企业搜索引擎开发之连接器connector（二十七）

ChangeQueue类实现ChangeSource接口，声明了拉取下一条Change对象的方法

 * A source of {@link Change} objects.

 *

 * @since 2.8

 */

public interface ChangeSource {

  /**

   * @return the next change, or {@code null} if there is no change available

   */

  public Change getNextChange();

}

在ChangeQueue类实例里面初始化阻塞队列private final BlockingQueue<Change> pendingChanges，作为保存Change对象容器

/**

   * 初始化阻塞队列pendingChanges

   * @param size

   * @param sleepInterval

   * @param introduceDelayAfterEachScan

   * @param activityLogger

   */

  private ChangeQueue(int size, long sleepInterval,

      boolean introduceDelayAfterEachScan, CrawlActivityLogger activityLogger) {

    pendingChanges = new ArrayBlockingQueue<Change>(size);

    this.sleepInterval = sleepInterval;

    this.activityLogger = activityLogger;

    this.introduceDelayAfterEveryScan = introduceDelayAfterEachScan;

  }

参数introduceDelayAfterEveryScan设置在数据迭代完毕是否延时

上文中提到在其内部类CallBack中将提交的数据添加到阻塞队列BlockingQueue<Change> pendingChanges之中

而在ChangeQueue实现ChangeSource接口的方法中，实现从阻塞队列获取Change对象

/**

   * 获取阻塞队列pendingChanges元素

   * Gets the next available change from the ChangeQueue.  Will wait up to

   * 1/4 second for a change to appear if none is immediately available.

   *

   * @return the next available change, or {@code null} if no changes are

   *         available

   */

  public Change getNextChange() {

    try {

      return pendingChanges.poll(250L, TimeUnit.MILLISECONDS);

    } catch (InterruptedException ie) {

      return null;

    }

  }

ChangeQueue对象作为保存Change对象的缓冲容器，上文中分析到Change对象是通过启动监控器对象DocumentSnapshotRepositoryMonitor的线程方法添加进来的

那么，由哪个对象实现调用ChangeQueue对象的getNextChange()方法取出Change对象数据呢？
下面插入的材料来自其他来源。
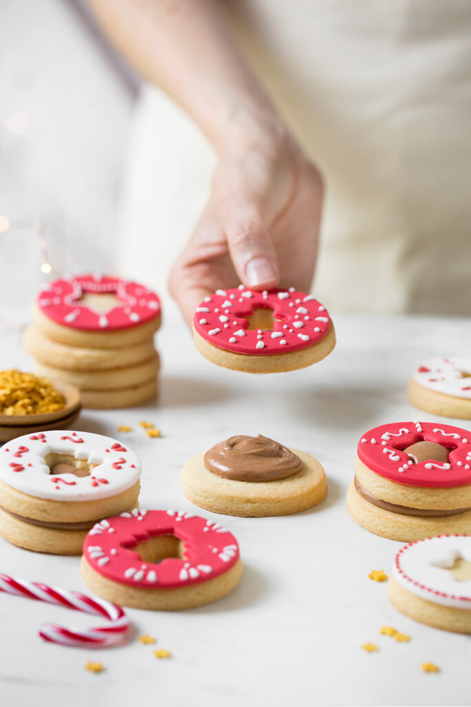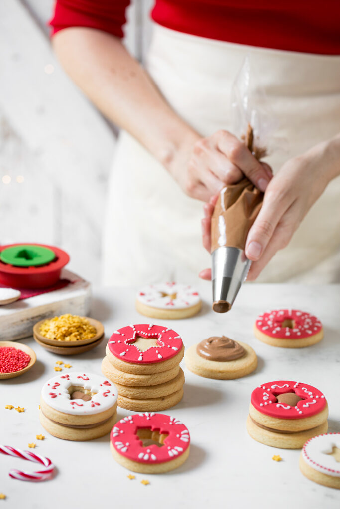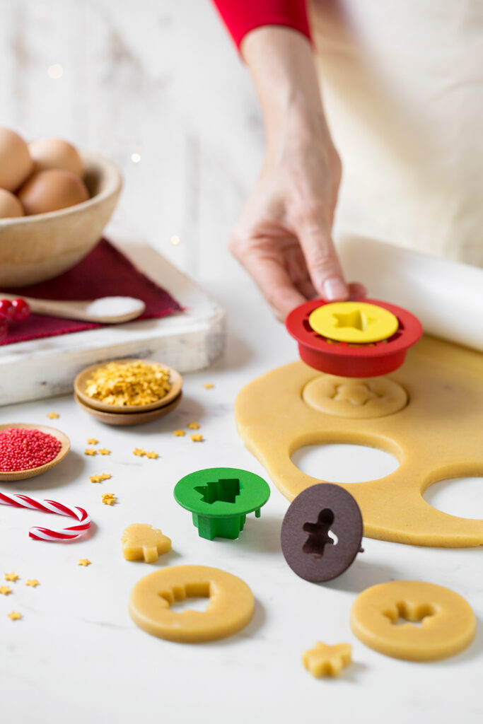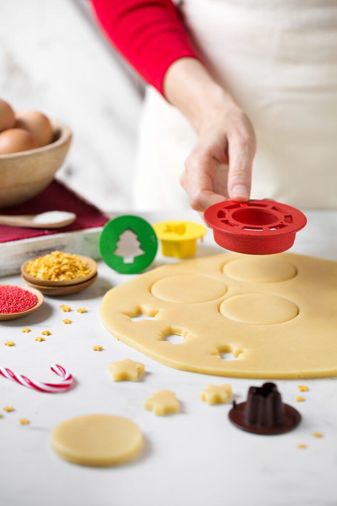 Ritaglia prima la base con il tagliapasta grande e poi la parte superiore forata posizionando all’interno del tagliapasta grande uno dei tagliapasta intercambiabili più piccoli. Disponi i biscotti su una teglia rivestita con tappetino microforato e cuoci in forno statico preriscaldato a 180° per 10-14 minuti. Una volta cotti, lasciali raffreddare completamente.

通过跟踪CheckpointAndChangeQueue类的loadUpFromChangeSource方法调用了getNextChange()方法，在该方法里面将获取的Chnage对象经过包装为CheckpointAndChange类型对象后添加到成员属性List<CheckpointAndChange> checkpointAndChangeList之中

先熟悉一下相关成员属性和构造函数

 private final AtomicInteger maximumQueueSize =

      new AtomicInteger(DEFAULT_MAXIMUM_QUEUE_SIZE);

  private final List<CheckpointAndChange> checkpointAndChangeList;

  private final ChangeSource changeSource;

  private final DocumentHandleFactory internalDocumentHandleFactory;

  private final DocumentHandleFactory clientDocumentHandleFactory;

  private volatile DiffingConnectorCheckpoint lastCheckpoint;

  private final File persistDir;  // place to persist enqueued values

  private MonitorRestartState monitorPoints = new MonitorRestartState();

public CheckpointAndChangeQueue(ChangeSource changeSource, File persistDir,

      DocumentHandleFactory internalDocumentHandleFactory,

      DocumentHandleFactory clientDocumentHandleFactory) {

    this.changeSource = changeSource;

    this.checkpointAndChangeList

        = Collections.synchronizedList(

            new ArrayList<CheckpointAndChange>(maximumQueueSize.get()));

    this.persistDir = persistDir;

    this.internalDocumentHandleFactory = internalDocumentHandleFactory;

    this.clientDocumentHandleFactory = clientDocumentHandleFactory;

    ensurePersistDirExists();

  }

包括初始化ChangeSource类型对象changeSource（也即ChangeQueue类型对象）以及List容器List<CheckpointAndChange> checkpointAndChangeList

再来回顾loadUpFromChangeSource方法

 /**

   * 从ChangeSource拉取Change，加入checkpointAndChangeList

   */

  private void loadUpFromChangeSource() {

    int max = maximumQueueSize.get();

    if (checkpointAndChangeList.size() < max) {

      lastCheckpoint = lastCheckpoint.nextMajor();

    }

    while (checkpointAndChangeList.size() < max) {

      Change newChange = changeSource.getNextChange();

      if (newChange == null) {

        break;

      }

      lastCheckpoint = lastCheckpoint.next();

      checkpointAndChangeList.add(new CheckpointAndChange(

          lastCheckpoint, newChange));

    }

  }

方法主要行为即从changeSource对象取出Change对象，然后经过包装为CheckPointAndChange对象添加到容器List<CheckpointAndChange> checkpointAndChangeList之中

在其resume方法里面调用了loadUpFromChangeSource方法（resume方法在DiffingConnectorDocumentList类的构造函数中调用）

/**

   * 获取List<CheckpointAndChange>队列

   * Returns an {@link Iterator} for currently available

   * {@link CheckpointAndChange} objects that occur after the passed in

   * checkpoint. The {@link String} form of a {@link DiffingConnectorCheckpoint}

   * passed in is produced by calling

   * {@link DiffingConnectorCheckpoint#toString()}. As a side effect, Objects

   * up to and including the object with the passed in checkpoint are removed

   * from this queue.

   *

   * @param checkpointString null means return all {@link CheckpointAndChange}

   *        objects and a non null value means to return

   *        {@link CheckpointAndChange} objects with checkpoints after the

   *        passed in value.

   * @throws IOException if error occurs while manipulating recovery state

   */

  synchronized List<CheckpointAndChange> resume(String checkpointString)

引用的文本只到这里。